> RECORDS SHOWN:
BEGIN
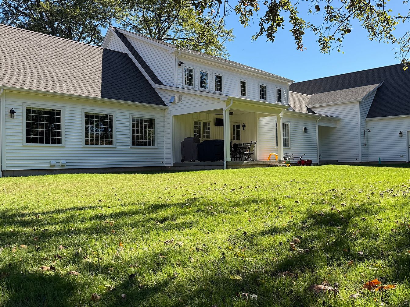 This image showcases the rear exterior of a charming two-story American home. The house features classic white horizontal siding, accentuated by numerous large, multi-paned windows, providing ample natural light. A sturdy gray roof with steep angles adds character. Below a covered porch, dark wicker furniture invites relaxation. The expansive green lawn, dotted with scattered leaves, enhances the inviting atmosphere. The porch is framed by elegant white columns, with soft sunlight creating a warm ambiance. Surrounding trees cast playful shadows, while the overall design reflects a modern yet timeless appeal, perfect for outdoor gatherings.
END
BEGIN
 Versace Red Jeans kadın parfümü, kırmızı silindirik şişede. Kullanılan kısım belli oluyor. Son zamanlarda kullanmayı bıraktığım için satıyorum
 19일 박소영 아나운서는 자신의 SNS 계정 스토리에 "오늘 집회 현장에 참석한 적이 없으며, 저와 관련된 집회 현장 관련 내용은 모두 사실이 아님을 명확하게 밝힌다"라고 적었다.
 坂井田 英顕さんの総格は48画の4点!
END
BEGIN
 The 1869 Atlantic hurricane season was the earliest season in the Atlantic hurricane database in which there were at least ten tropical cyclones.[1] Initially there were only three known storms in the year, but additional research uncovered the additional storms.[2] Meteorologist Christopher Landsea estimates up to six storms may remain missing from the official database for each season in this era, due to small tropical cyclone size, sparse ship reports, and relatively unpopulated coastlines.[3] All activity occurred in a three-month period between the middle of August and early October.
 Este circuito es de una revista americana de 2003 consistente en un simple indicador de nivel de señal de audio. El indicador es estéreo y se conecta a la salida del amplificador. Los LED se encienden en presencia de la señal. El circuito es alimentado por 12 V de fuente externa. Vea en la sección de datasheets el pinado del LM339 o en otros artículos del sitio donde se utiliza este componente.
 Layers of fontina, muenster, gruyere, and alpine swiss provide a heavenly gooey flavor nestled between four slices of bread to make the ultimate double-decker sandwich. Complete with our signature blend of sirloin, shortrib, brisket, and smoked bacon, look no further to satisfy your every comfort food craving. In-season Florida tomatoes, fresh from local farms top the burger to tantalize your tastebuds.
END
> HOW TO COMPLETE THIS TASK: Of the entries above, repeat exactly the lines between the line with "Este circuito es" and the line with "Layers of fontina, muenster, gruyere, and", inclusive, and no others.

> EXERCISE ANSWER:
 Este circuito es de una revista americana de 2003 consistente en un simple indicador de nivel de señal de audio. El indicador es estéreo y se conecta a la salida del amplificador. Los LED se encienden en presencia de la señal. El circuito es alimentado por 12 V de fuente externa. Vea en la sección de datasheets el pinado del LM339 o en otros artículos del sitio donde se utiliza este componente.
 Layers of fontina, muenster, gruyere, and alpine swiss provide a heavenly gooey flavor nestled between four slices of bread to make the ultimate double-decker sandwich. Complete with our signature blend of sirloin, shortrib, brisket, and smoked bacon, look no further to satisfy your every comfort food craving. In-season Florida tomatoes, fresh from local farms top the burger to tantalize your tastebuds.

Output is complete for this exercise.